The results of our study also show the possibility that PSTs may have different beliefs about school mathematics and university mathematics. Interestingly, the results indicate that beliefs about university mathematics seem to have a better correlation with beliefs about teaching and learning than do beliefs about school mathematics. These results give us hope to change PSTs beliefs about teaching and learning during their university studies. In other words, these results imply the important role of mathematics lectures for teacher education at universities as it is here that PSTs develop their beliefs about mathematics. As Cross (2009) suggests that beliefs about mathematics teaching and learning are built from what PSTs beliefs about mathematics.

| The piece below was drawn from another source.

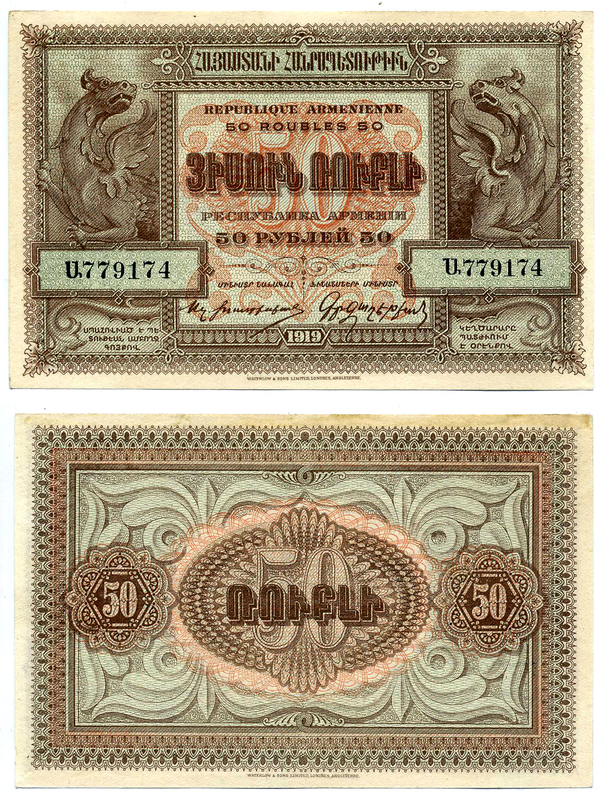 ------Демократическая Республика Армения 50 рублей 1919 (1920) выпуск Дашнакского правительства, литера "А", на белой бумаге Pick 30, Кардаков К 8.4.34 бумага 2198-17-1-1
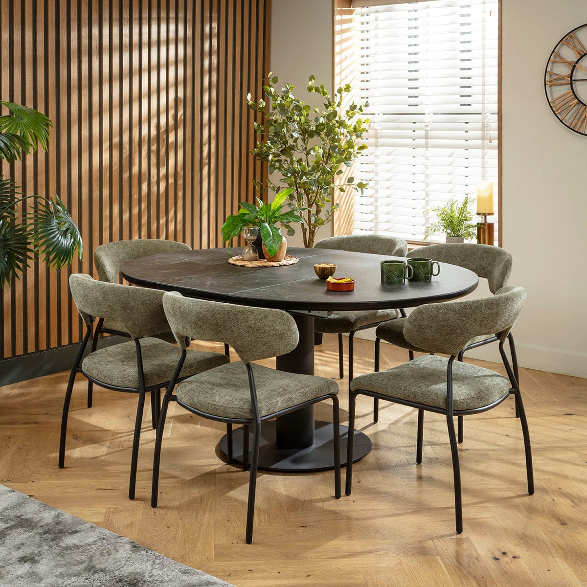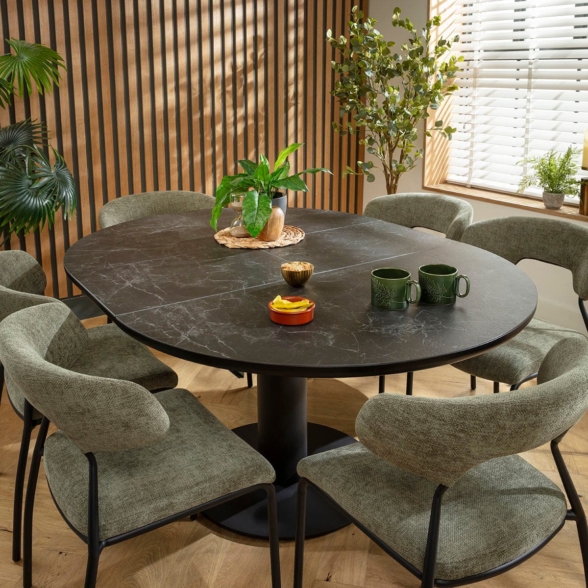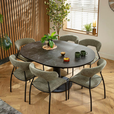 This 6 seater dining table and chair set includes a black round dining table boasting a marble-effect top that extends into an oval dining table, with modern dining chairs combining a black metal frame and green upholstered seat and backrest. This modern dining set is crafted for durability and comfort.

As shown in Table 4, beliefs about university mathematics in the dimension of the instrumentalist view and the problem-solving view have positive correlations with their beliefs about teaching and learning in both HA and LA classes. If we consider that beliefs about teaching and learning associated with the problem-solving view give much benefit and those associated with the instrumentalist view give little benefit for mathematics education, then mathematics in lectures should be presented as a process of mathematicians in solving problems rather than a toolbox consisting of many formulas which are ready to be used to solve the problems. Moreover, we need to present the backface of university mathematics rather than the front face of it (see Hersh, 1991), for example, inviting PSTs to construct rather than presenting the theorems directly.
The last, although the results of this study imply the significant things for mathematics education, we note a limitation. All PSTs participating in this study are from the department of mathematics education of one university. As we know, there are many departments of mathematics education of other universities which may have different mathematics courses and curricula. Therefore, the characteristics of PSTs’ beliefs may be different between universities. Therefore, comparing PSTs from different universities may give us better insights regarding their beliefs about mathematics and their beliefs about teaching and learning mathematics.